In the context of global AI development, China's tech ecosystem is rapidly expanding in multimodal AI. ShengShu's Vidu, for instance, has been praised for its ability to produce high-quality videos that incorporate realistic physics and movements, setting it apart from purely text-based systems. The startup's Beijing headquarters serve as a hub for this innovation, drawing talent from across the country's vibrant AI research community.

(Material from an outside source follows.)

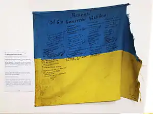 ![]() Прапор опорного пункту «Вінець», під яким бійці виконували бойові завдання з утримання Бахмутської траси Прапор опорного пункту «Вінець», під яким бійці виконували бойові завдання з утримання Бахмутської траси | |||||||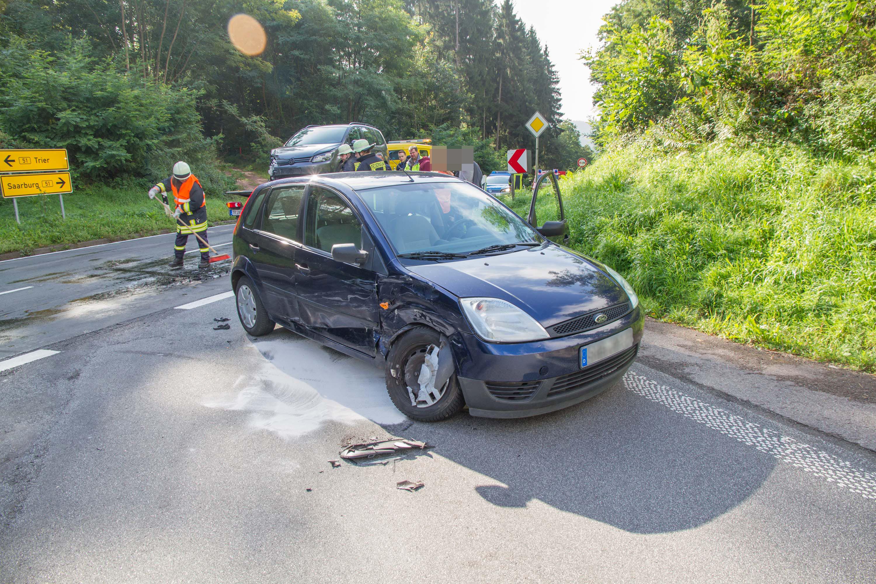 Tawern/B51. Am Sonntagmorgen gegen 9.45 Uhr kam es auf der B51 bei Tawern zu einem Verkehrsunfall. Eine 25- jährige Fahrzeugführerin aus dem Raum Saarburg wollte die Bundestraße 51 von Saarburg kommend in Richtung Tawern verlassen, dabei missachtete sie die Vorfahrt eines aus Konz kommenden, mit vier Personen besetzten, VWs. Die Unfallverursacherin erlitt leichte Verletzungen und wurde in ein Krankenhaus eingeliefert.

However, challenges persist. Developing world models demands vast amounts of diverse data, including video footage and sensor inputs, which raises concerns about privacy and computational resources. Alibaba Cloud, with its extensive infrastructure, could provide a backbone for scaling these efforts. The investment also highlights tensions in the U.S.-China tech rivalry, as American firms like OpenAI dominate LLMs but lag in some multimodal applications due to export restrictions on advanced chips.
Looking ahead, ShengShu plans to apply its world model to enhance robot autonomy, potentially revolutionizing sectors like manufacturing and healthcare. Partnerships with embodied AI developers could lead to prototypes within the next year, according to industry observers. Alibaba's CEO, Eddie Wu, has previously stressed the importance of AI in driving the company's growth, and this investment fits into that vision.
The funding round was announced amid a flurry of AI advancements in Asia. Baidu, another participant, has its own Ernie Bot, but is increasingly focusing on multimodal integrations. TAL Education, known for edtech, sees potential in AI for personalized learning environments that simulate real-world scenarios.
As AI evolves, the shift toward world models could democratize advanced robotics, making them more accessible for everyday use. Yet, ethical questions about AI's role in physical spaces—such as job displacement in automation-heavy industries—loom large. Regulators in China and beyond are watching closely, with calls for frameworks to ensure safe deployment.
For now, Alibaba's bet on ShengShu signals confidence in a future where AI doesn't just converse but comprehends and acts in the tangible world. With $290 million fueling this ambition, the startup is poised to push boundaries, potentially reshaping how we interact with intelligent machines.
This development comes at a time when global AI investment hit record highs in 2025, with Asia accounting for nearly 40% of venture funding, per PitchBook data. ShengShu's rapid growth—from seed stages to multiple rounds in under three years—exemplifies the pace of innovation in the field.